Es tranquilizador saber que la policía que investiga las denuncias de agresión sexual contra Mohamed Al Fayed ha enviado un expediente a la Fiscalía de la Corona, apenas tres años después de que el antiguo propietario de Harrods muriera a los 94 años, y solo décadas después de que las primeras supervivientes denunciaran sus abusos. La Fiscalía dice que no dará un plazo para cualquier decisión, a lo que podríamos decir: no me digas. En este caso, lo único de lo que nunca podrías acusar a las autoridades es de estar atadas a algo parecido a un calendario.
La historia, sin embargo, ciertamente tiene escala.

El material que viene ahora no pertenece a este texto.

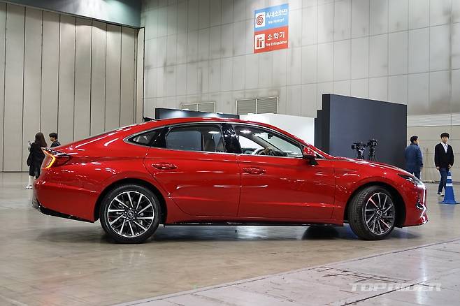 측면은 K5는 루프라인을, 쏘나타는 전체적인 볼륨감을 강조하고 있다. K5는 1세대부터 이어진 시그니처 디자인의 C필러를 강조하는 한편 세단임에도 패스트백 스타일을 적용했다. 쏘나타는 도어 상단과 하단에 굵은 캐릭터 라인과 함께 리어펜더 볼륨감을 강조했다.
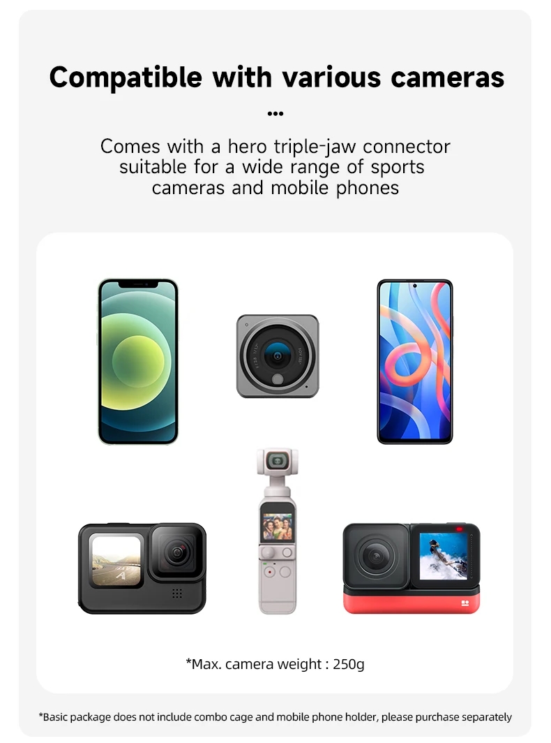 Suitable Action camera model: For Gopro Hero 13 12 11 10 9 8 7 6 5,For DJI OSMO Action 1 2 3 4,For Insta360 X2 X3 X4,Ace Ace pro. Most other action camera models on the market are suitable

Hasta ahora, más de 400 denuncias—incluyendo violación, agresión sexual, explotación sexual y trata de personas—se han presentado contra Al Fayed por al menos 156 mujeres. Se salió con la suya, muriendo sin enfrentar nunca cargos. Las denuncias abarcan desde 1977 hasta 2014. Al menos 21 mujeres se presentaron mientras él estaba vivo, y ha habido informes detallados en artículos de noticias y documentales sobre los presuntos facilitadores de su vil comportamiento, desde abogados hasta portavoces, matones de seguridad y los médicos que realizaban "controles de pureza" a sus jóvenes asistentas.
Así que, no quiero ser aguafiestas—porque cualquier progreso aquí es mejor que nada—pero esa sensación de escala no se ve realmente en el expediente enviado a la Fiscalía. Se refiere a un sospechoso masculino de unos 80 años y dos agresiones indecentes contra dos mujeres en Londres. La investigación sigue en curso, confirma la Policía Metropolitana.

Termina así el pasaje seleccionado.